What we choose to call criminal law in fact comprises a number of different practices with a variety of rationales rather than a single principled response to diverse social behaviour. We have criminal laws rather than criminal law.[132]

4.74 Professor Andrew Ashworth has described the construction of the criminal law as ‘unprincipled and chaotic’ and

not the product of any principled inquiry or consistent application of certain criteria, but largely dependent on the fortunes of successive governments, on campaigns in the mass media, on the activities of various pressure groups, and so forth.[133]

4.75 Nonetheless, the following discussion describes some functions of the criminal law, particularly in the context of sentencing. Chapter 10 discusses the policy basis of a specific aspect of criminal procedure, namely bail.

4.76 Judicial pronouncements and legislative provisions have emphasised the protective role of the criminal law, particularly in seeking to protect innocent members of the community who are unable to protect themselves.[134] The South Australian sentencing legislation, for example, states that the primary objectives of the criminal law include protecting the safety of the community[135]—in particular, children—from sexual predators by ensuring that, in any sentence for an offence involving sexual exploitation of a child, paramount consideration is given to the need for deterrence.[136]

4.77 Punishment for past criminal conduct is an essential component of any criminal justice system. There is a significant amount of academic literature on the underlying justification for punishment, largely dominated by two theories. The utilitarian theory of punishment justifies punishment on the basis that its benefits outweigh its detrimental effects. Proponents of this theory consider that punishment has the potential to reduce crime.[137] On the other hand, the retributive theory of punishment justifies punishment as an appropriate moral response to the voluntary commission of an offence, regardless of its effects.[138]
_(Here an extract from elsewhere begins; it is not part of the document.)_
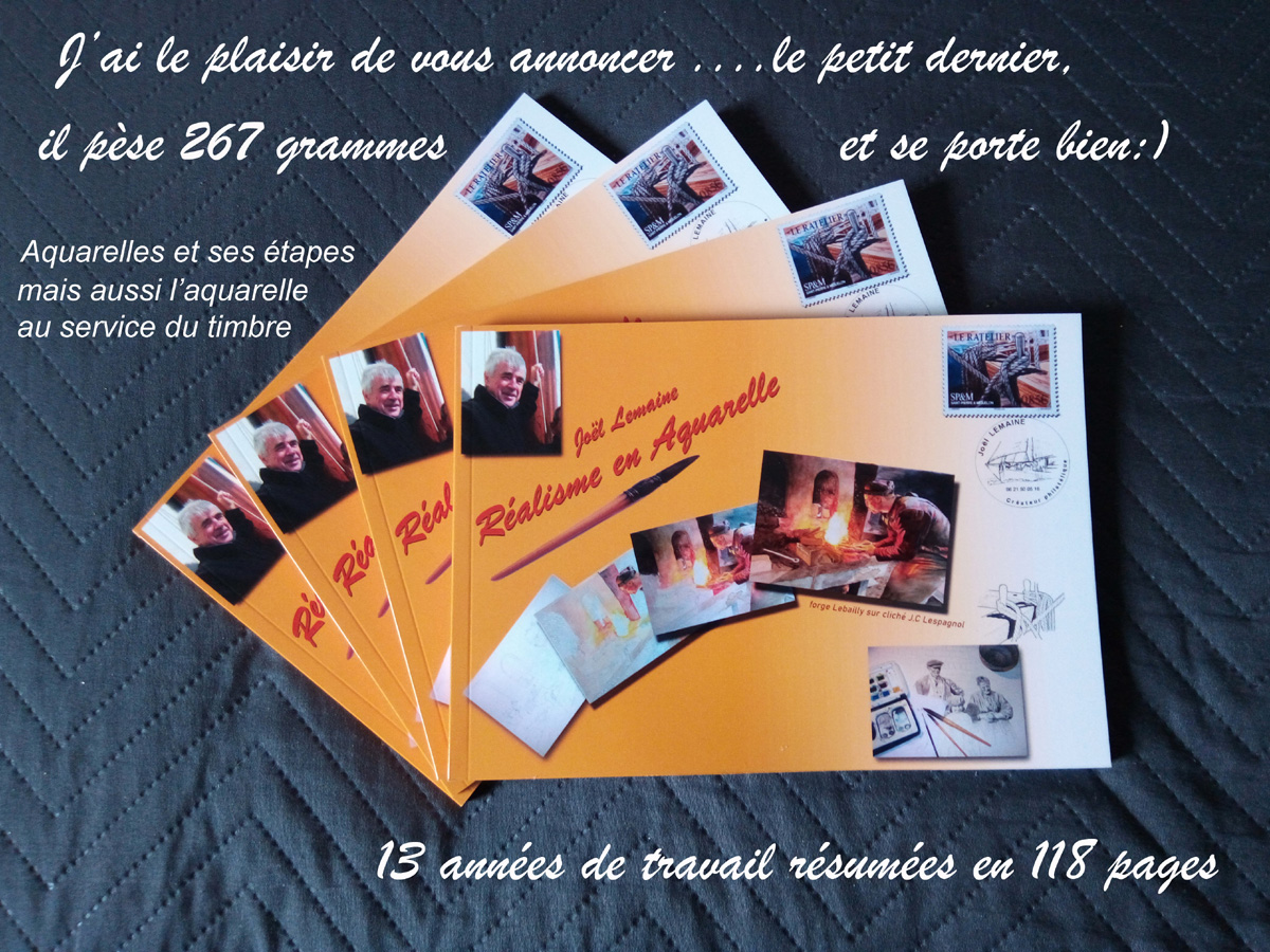 Joël Lemaine vient de publier une brochure consacrée à ses aquarelles et à treize ans d’activités artistiques. Une vingtaine de pages traitent des aquarelles liées à la philatélie : souvenirs, timbres-poste, collectors, etc.

4.78 To the extent that the criminal justice system integrates and considers restoration and rehabilitation—either at the sentencing stage or as a diversionary practice—the orientation is forward-looking, with an emphasis on prevention of further offending via treatment and healing.

4.79 Understanding the various purposes of sentencing is integral to a consideration of the policy basis of criminal laws.[139] When a person is sentenced for a family violence offence or for a breach of a protection order that sentence will be imposed in furtherance of specific objects.

4.80 Many state and territory sentencing acts expressly set out the purposes of sentencing.[140] The commonly cited purposes of sentencing are retribution, deterrence, rehabilitation, incapacitation, denunciation, and in more recent times, restoration. The sentencing acts of NSW and the ACT also specify that a purpose of sentencing is to make the offender accountable for his or her actions.[141]

4.81 The main purposes of sentencing are considered below. The purposes of sentencing may sometimes conflict, but some purposes—such as retribution and deterrence—can be pursued simultaneously.

Retribution

4.82 Retribution—often referred to as ‘punishment’ in legislation and case law—is derived from the retributive theory of punishment. It is the oldest theory of punishment based on concepts of vengeance and responsibility.[142] It is advocated in the ‘eye for eye’ principle in the Book of Leviticus in the Old Testament.[143]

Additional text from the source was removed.